The Nazgûl had a sharp sense of smell. The Lord of the Rings states that their sight worked differently, too: "They themselves do not see the world of light as we do, but our shapes cast shadows in their minds, which only the noon sun destroys; and in the dark they perceive many signs and forms that are hidden from us: then they are most to be feared."[T 6] Their chief weapon was terror; it was so powerful that Sauron faced one disadvantage when using them: they could not easily travel in secret.[T 3] Tolkien added, in Unfinished Tales, that the terror they spread was greater when they were unclad and invisible; and when they were gathered together.[T 7]
Few of the Nazgûl are named or identified individually in Tolkien's works.

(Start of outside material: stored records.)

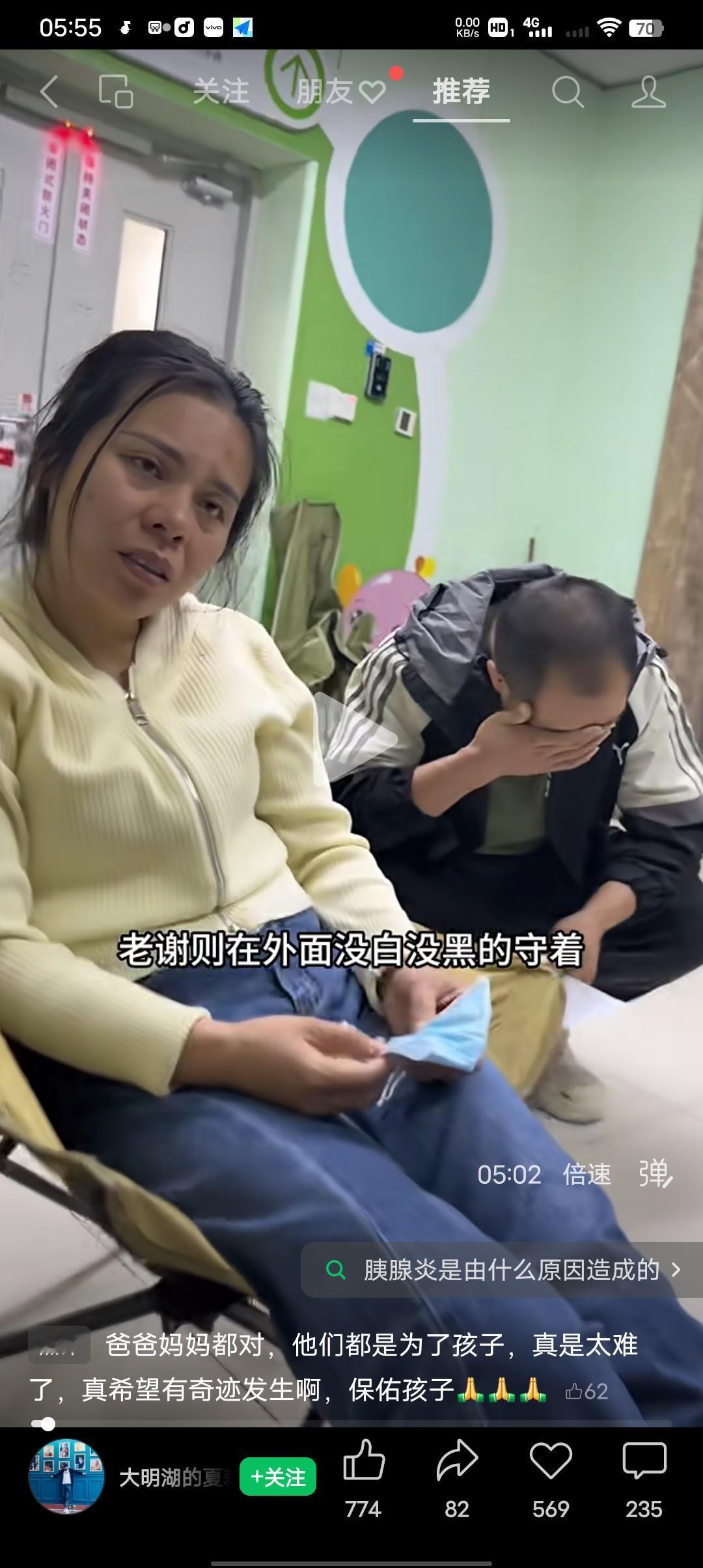 老谢的儿子民丰因为腹部疼痛剧烈被确诊为胰腺炎,孩子已经在ICU住了整整四天了,这四天老谢没黑没白的在外面守着却一面也见不着孩子。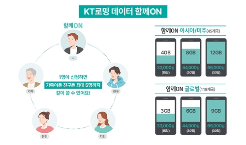 KT가 15일부터 '로밍 데이터 함께ON' 이용 가능 인원을 기존 본인 포함 3명에서 5명까지 대폭 확대하고, '로밍 데이터 함께ON 글로벌' 상품의 기본 데이터 제공량을 최대 50%까지 늘린다고 14일 밝혔다.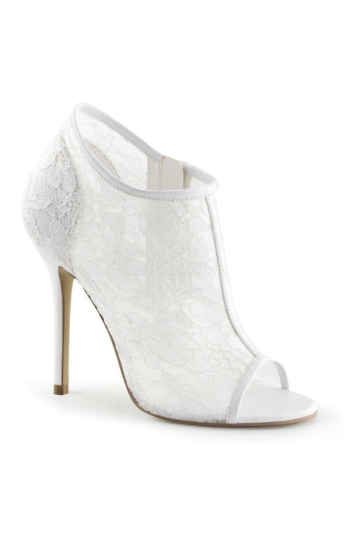 5" (12.7cm) Heel with Open Toe Bootie with Lace Overlay with Inner Side Zipper Lace Mesh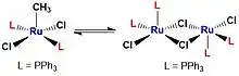 Caulton's early work on RuCl2L3 complexes provided an important contribution to the class of compounds molecule which would later become the primary precursor for Grubbs olefin metathesis catalysts.[1], [2], [3] Caulton performed early studies on the structure and dynamics of RuCl2L3 and RuCl2L4 (L = PPh3) in solution. Caulton concluded the dissociation of a phosphine from RuCl2L4 in solution can be significant.[4] Previously, the structure of RuCl2L3 had been shown to be square pyramidal.[5] Caulton further demonstrated that RuCl2L3 species dissociate phosphine in some organic solvents, and ultimately equilibrate with the dimer species [RuCl2L2]2. The dimer consists of a halogen bridge between the two square pyramidal structures.

Their chief, also known as the Lord of the Nazgûl and the Black Captain, appears as the Witch-king of Angmar during the Third Age, instrumental in the destruction of the North-kingdom of Arnor.[T 8] In Unfinished Tales, his second-in-command is named as Khamûl, the "Black Easterling" or the "Shadow of the East".[T 9] Three of the Nazgûl were great Númenórean lords;[T 2] in his notes for translators, Tolkien speculated that the Witch-king of Angmar, ruler of a northern kingdom with its capital at Carn Dûm, was of Númenórean origin.[T 10]
The nine, as Nazgûl, were soon established as Sauron's principal servants.[T 11] They were dispersed after the first overthrow of Sauron late in the Second Age at the hands of the Last Alliance of Elves and Men, but their survival was assured by the power of the One Ring.[T 11]

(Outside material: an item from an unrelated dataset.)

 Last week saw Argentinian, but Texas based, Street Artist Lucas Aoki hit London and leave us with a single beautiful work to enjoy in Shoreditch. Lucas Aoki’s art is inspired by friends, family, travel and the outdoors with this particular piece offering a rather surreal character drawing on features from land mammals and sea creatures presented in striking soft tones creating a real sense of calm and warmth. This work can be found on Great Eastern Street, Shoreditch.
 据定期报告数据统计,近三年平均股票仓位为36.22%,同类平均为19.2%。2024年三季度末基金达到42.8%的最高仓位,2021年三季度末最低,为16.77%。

The appendices to The Lord of the Rings state that the Nazgûl re-emerged over a thousand years later in the Third Age, when the Lord of the Nazgûl led Sauron's forces against the successor kingdoms of Arnor: Rhudaur, Cardolan, and Arthedain. He effectively destroyed all of these, but was eventually defeated by the Elf-lord Glorfindel, who put him to flight, and made the prophecy that "not by the hand of man will he fall".[T 12] He escaped, and returned to Mordor. There, he gathered the other Nazgûl in preparation for the return of Sauron to that realm.[T 12][T 13]

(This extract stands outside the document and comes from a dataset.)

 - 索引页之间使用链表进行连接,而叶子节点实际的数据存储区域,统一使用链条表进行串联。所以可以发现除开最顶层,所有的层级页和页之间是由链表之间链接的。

The Nazgûl besieged Minas Ithil, a fortress located in a valley in the Ephel Duath once belonging to the kingdom of Gondor, and, after two years, captured it and acquired its palantír for Sauron. The city thereafter became Minas Morgul, the stronghold of the Nazgûl,[T 13] and the valley was henceforth known as Morgul Vale (Imlad Morgul). Sauron returned from Dol Guldur in Mirkwood to Mordor late in the Third Age and declared himself openly.[T 14] He sent two or three of the Nazgûl to garrison Dol Guldur.[T 13]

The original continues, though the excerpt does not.